It is generally thought that all Canadians, subject to the rights of spouses and dependants, have the right to distribute their property on death in any way that they see fit. A recent case in British Columbia, however, demonstrates the concept of moral obligation, and how it limits a testator’s freedom to distribute their property.
Pascuzzi v Pascuzzi 2022 BCSC 907
The plaintiff, in this case, was the daughter of the deceased and sought an order to vary her father’s will. The last will of the deceased was executed in 1996 and was to create a trust to provide monthly support for the plaintiff until she reached 19 years of age. Nothing else was left to her under his will. When the deceased passed away in 2019, the plaintiff was 32 years old. The plaintiff argued that her father had a moral obligation to adequately provide for her in his will.
The court’s authority to impose a moral obligation on a testator is found in s. 60 of the province’s Wills, Estates and Succession Act. This section allows the court to make an adequate, just and equitable provision for a testator’s spouse or children if the court finds that an adequate provision was not made in the last will. The issue, in this case, was whether this provision could apply in the case of an adult child that was not a dependant of the deceased.
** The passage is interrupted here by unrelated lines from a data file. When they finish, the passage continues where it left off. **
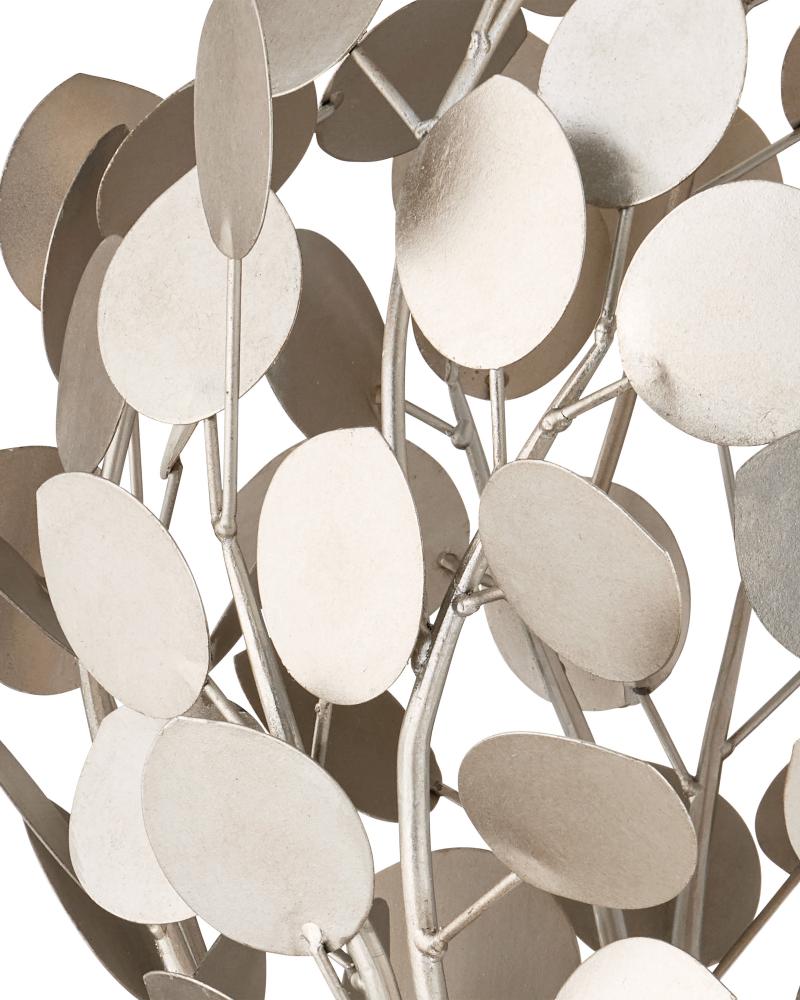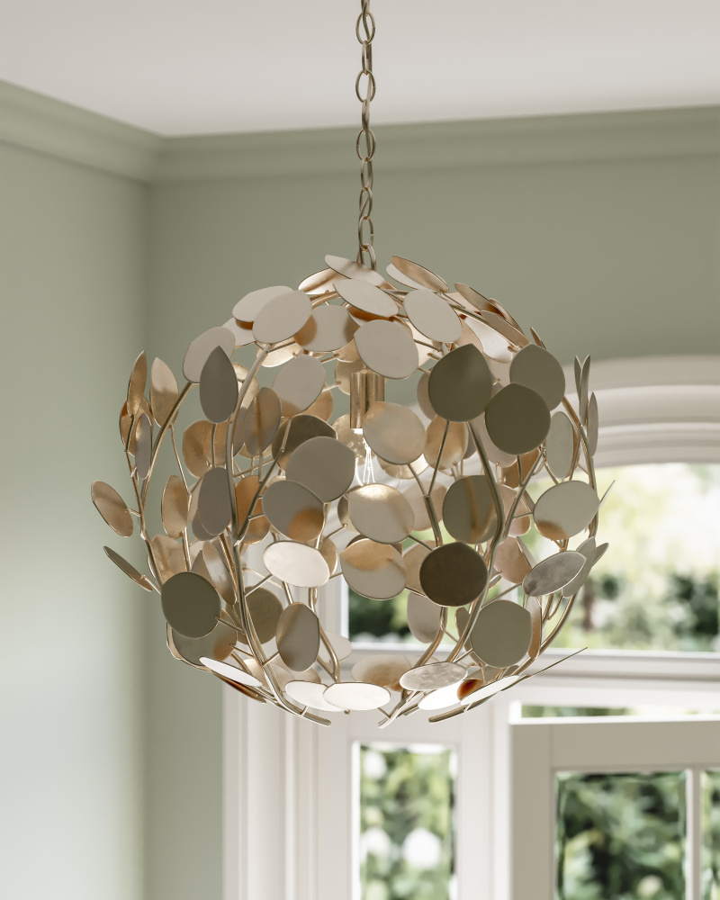 With a lyrical profile of fluttering discs that favor the leaves of its namesake plant, the Lunaria Orb Chandelier is made of wrought iron in a contemporary silver leaf finish. The light from the bulb that illuminates the flowing petals of metal reflect off the finish on this silver chandelier to increase the glow. The nature-inspired creation will add elemental style to a space. Adjustable from 27.25" to 95.25" with use of included chain/rod kit/cable. If your space calls for a longer drop, additional chain/rods/cable is available for purchase.
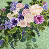 Soft blush roses unfurl at the heart of this composition, surrounded by lavender star-shaped blossoms, creamy peonies, and deep violet anemones. The palette moves effortlessly between powder pinks, lilacs, and fresh mint greens creating a harmony that feels both delicate and alive.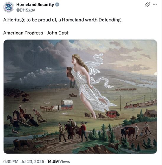 The year Gast painted American Progress, the writer notes, “a contingent of 130 soldiers of the 5th Calvary Regiment arrived at Skeleton Cave in Arizona’s Salt River Canyon, where a group of Yavapai people had been sheltering. In under an hour, the army slaughtered almost a hundred of the Yavapai, including many women and children.”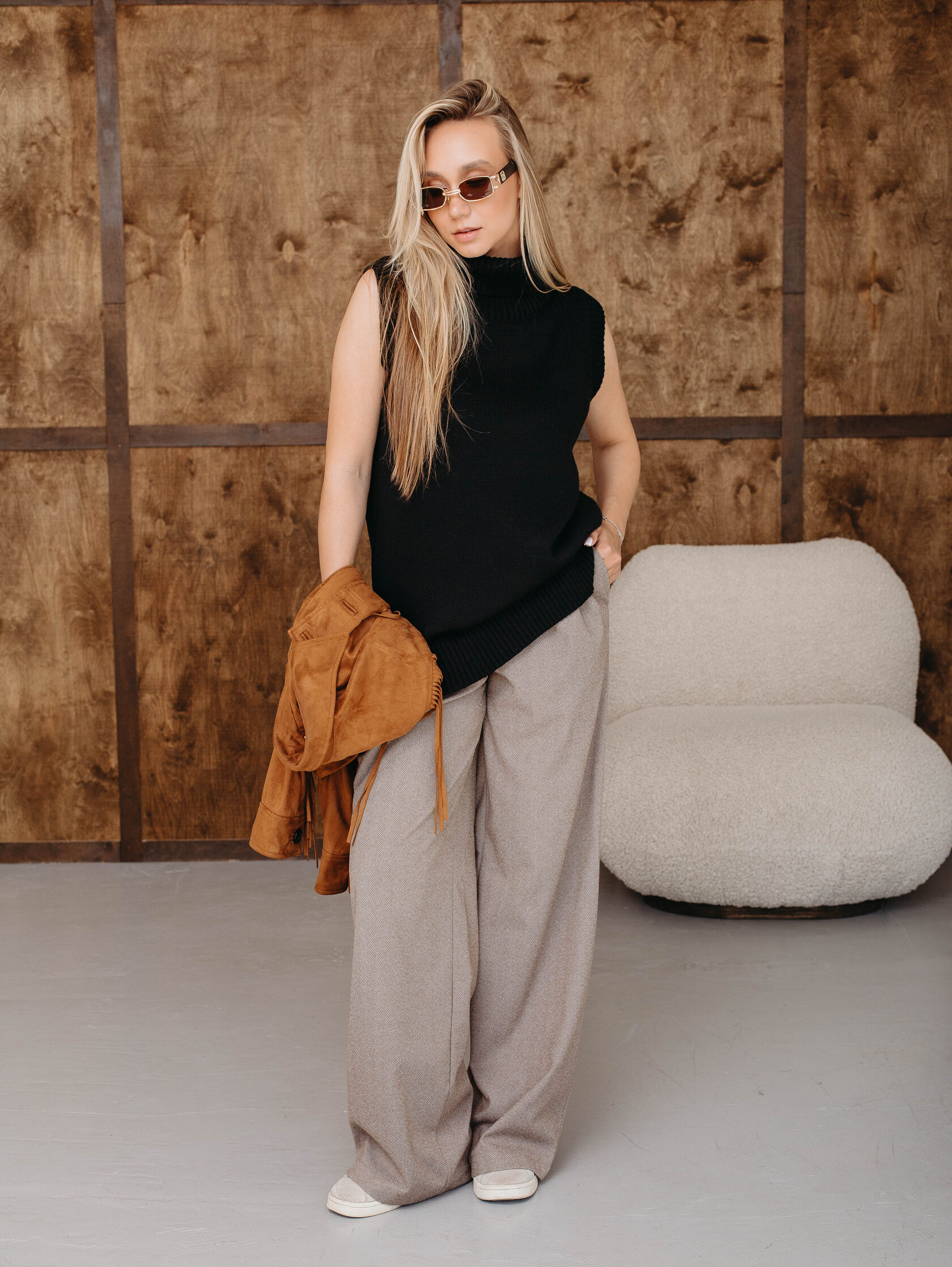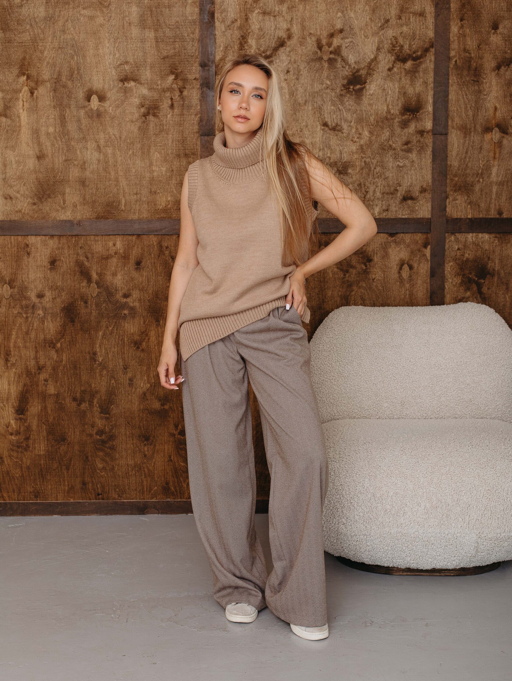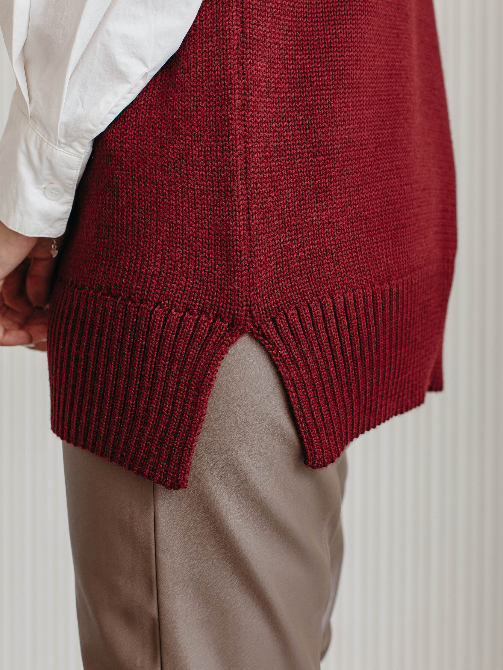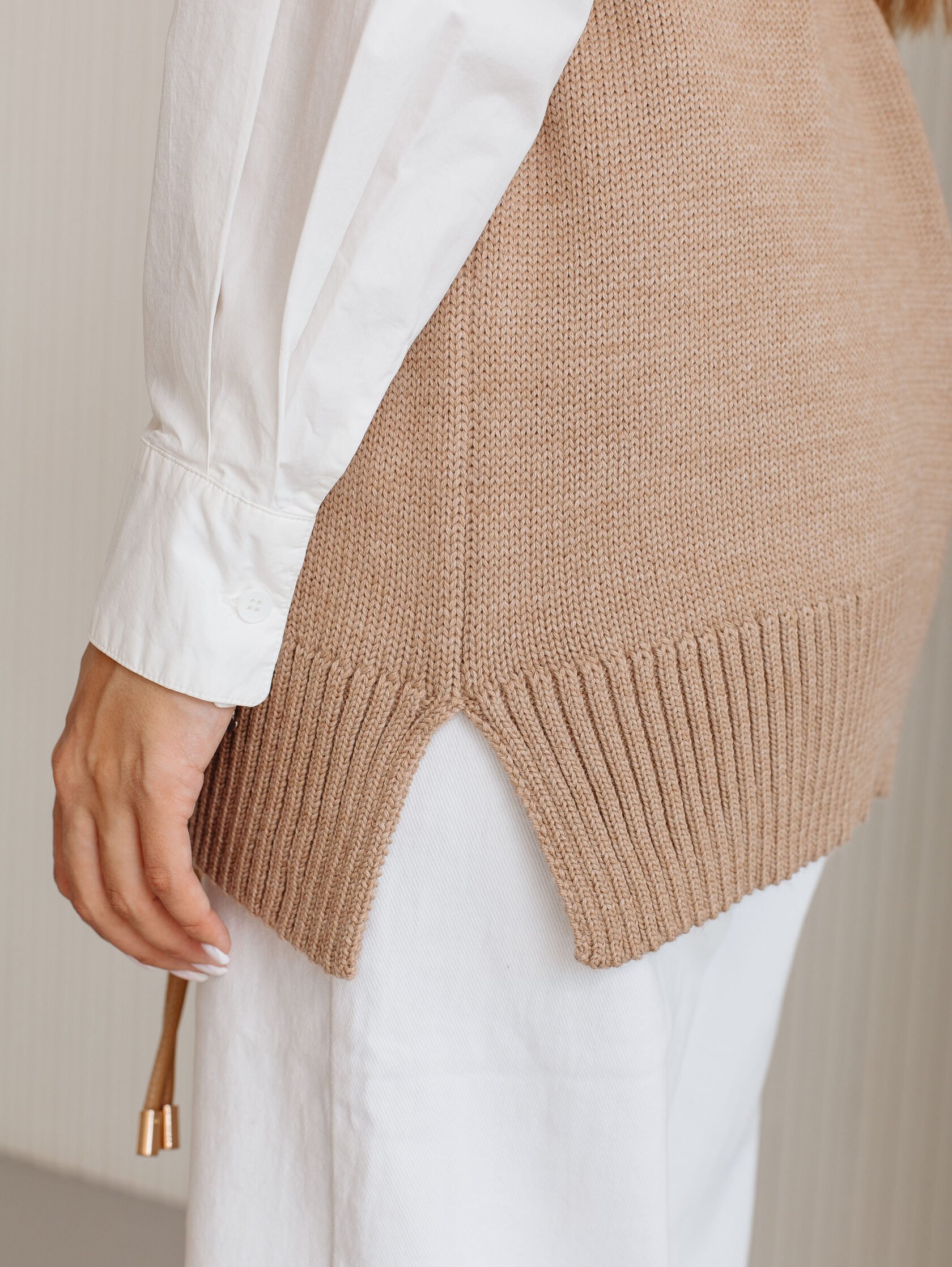 Жилет длинный женский свободного силуэта с высоким воротником, выполненным резинкой. Округлые края деталей оформлены декоративными сбавками. Линия проймы и низ изделия завершены резинкой. Благодаря гладкой вязки жилет не придает лишнего объема. Возможны два варианта носки - как самостоятельный первый слой одежды, так и в сочетании с рубашкой (блузкой,топом, футболкой). Отлично комбинируется с ремнем.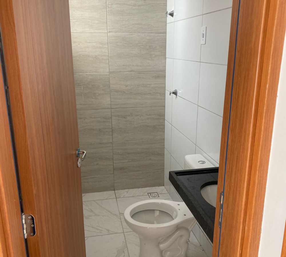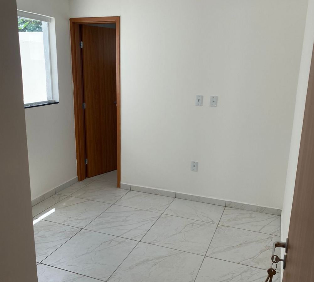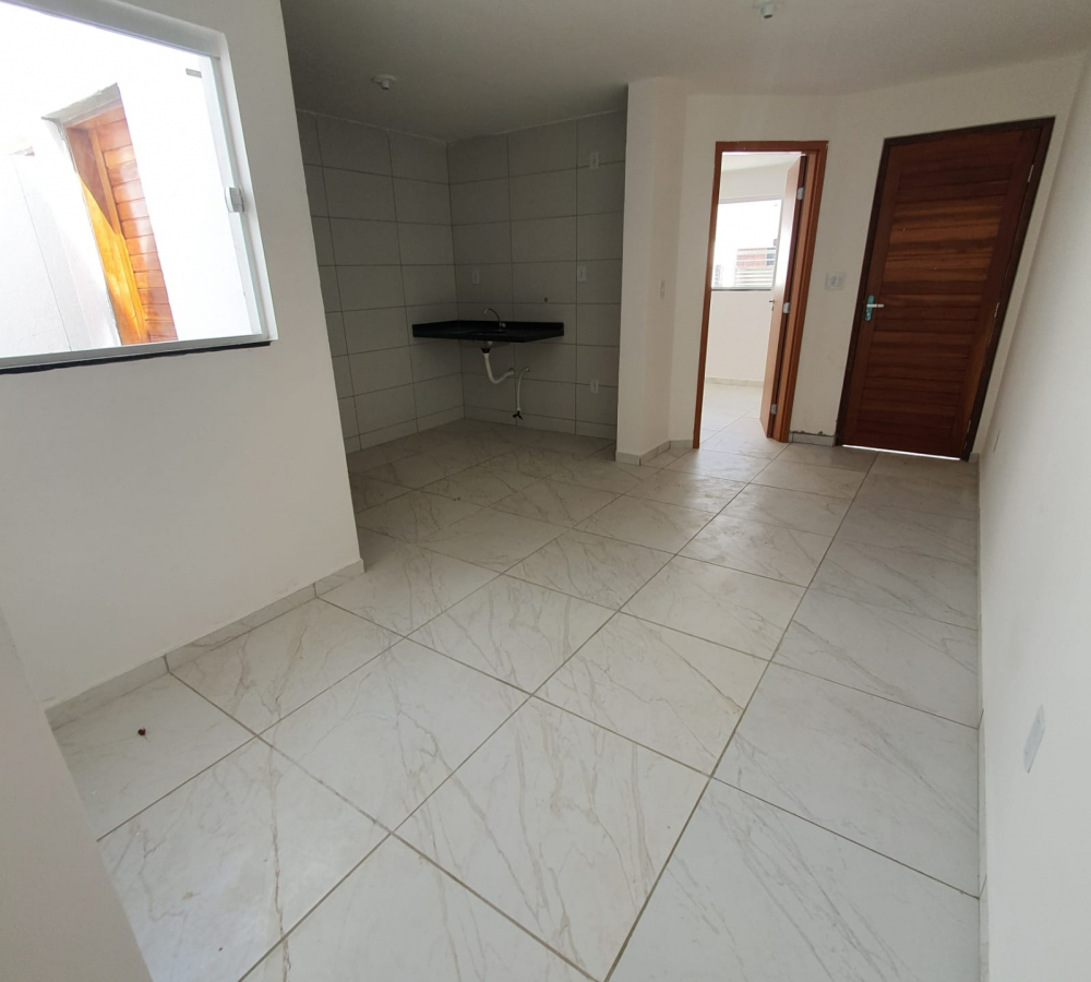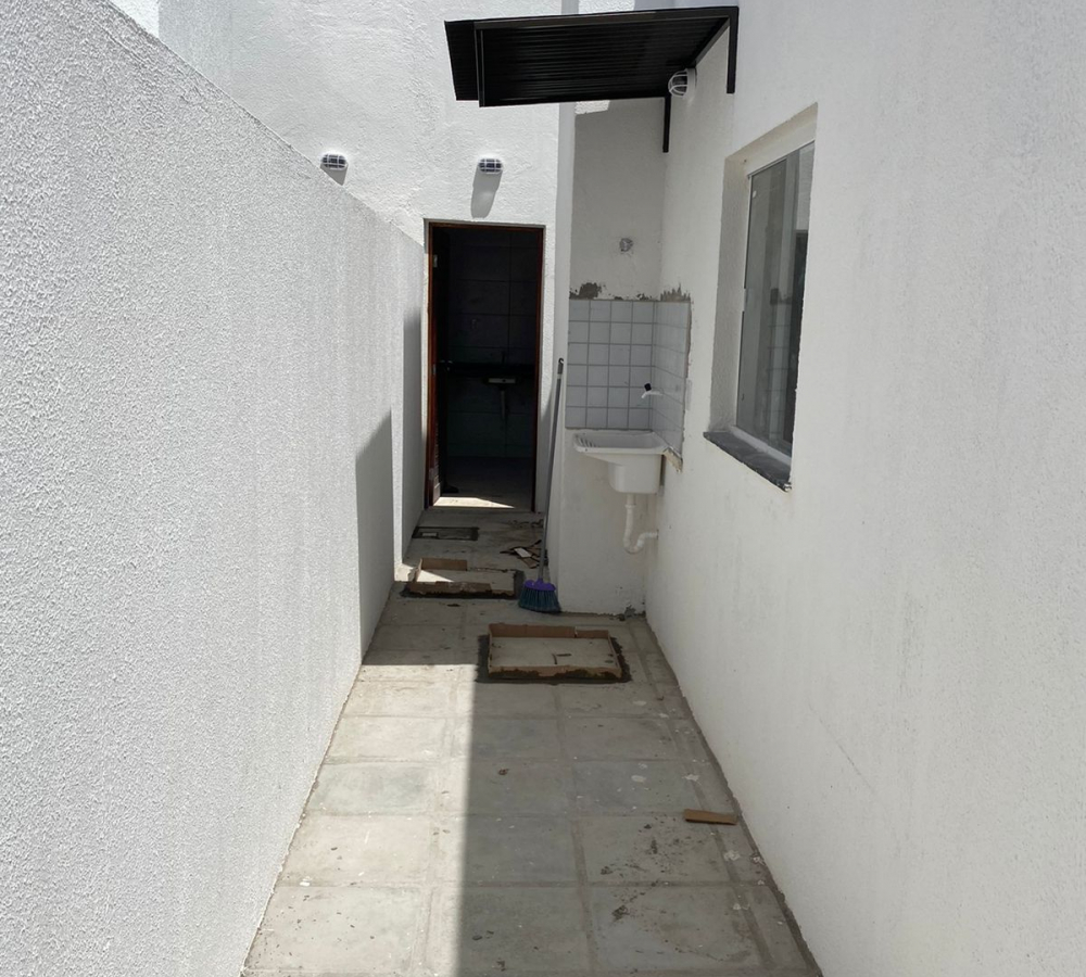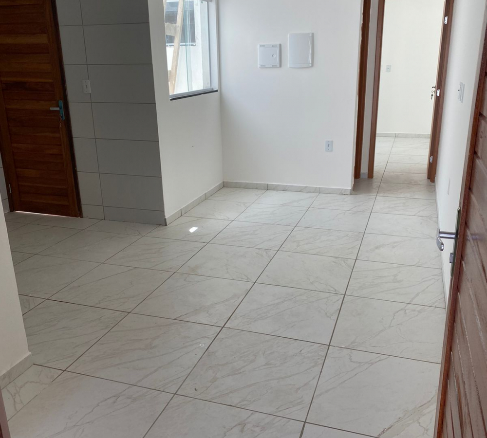 CASAS DE 2 QUARTOS Sala ampla com cozinha 2 quartos sendo uma suíte Banheiro social Terraço, garagem descoberta e ÁREA DE SERVIÇO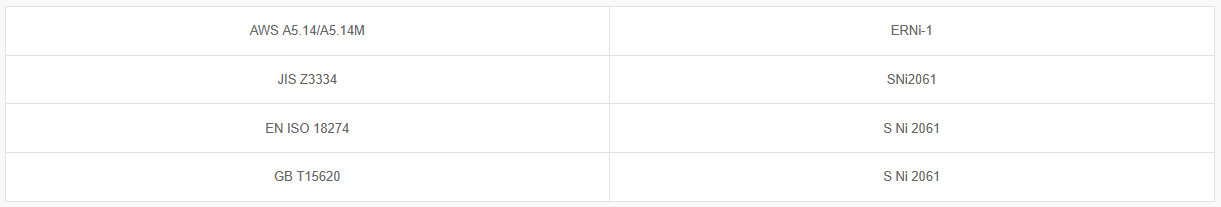 - Suitable for welding Alloy 200, Alloy 201 and nickel-plated steel sheet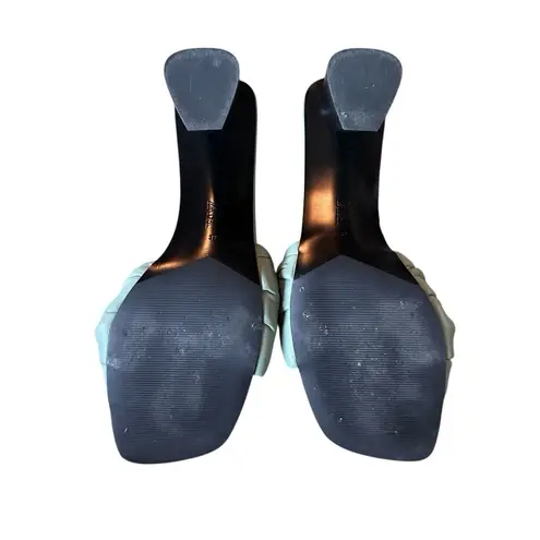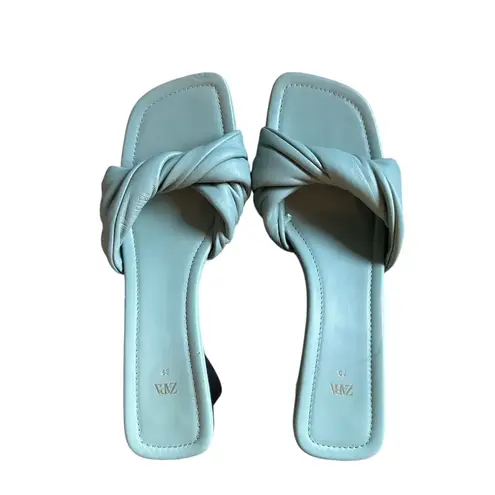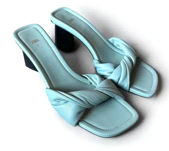 Chic and modern ZARA block heel sandals in a soft mint green faux leather with a stylish twisted kno... Show more

Despite the plaintiff’s age, the court agreed that the deceased had a moral obligation to provide for her and found that 30% of the $1.8 million estate would be a just and adequate provision.
The Law in Ontario
In Ontario, courts have consistently upheld a testator’s freedom to distribute their property as they choose. This was affirmed last year by the court in Stewart v Stewart, 2021 ONSC 1222. Ontario’s Succession Law Reform Act does not contain any provisions that require adequate provisions to be made to a testator’s children.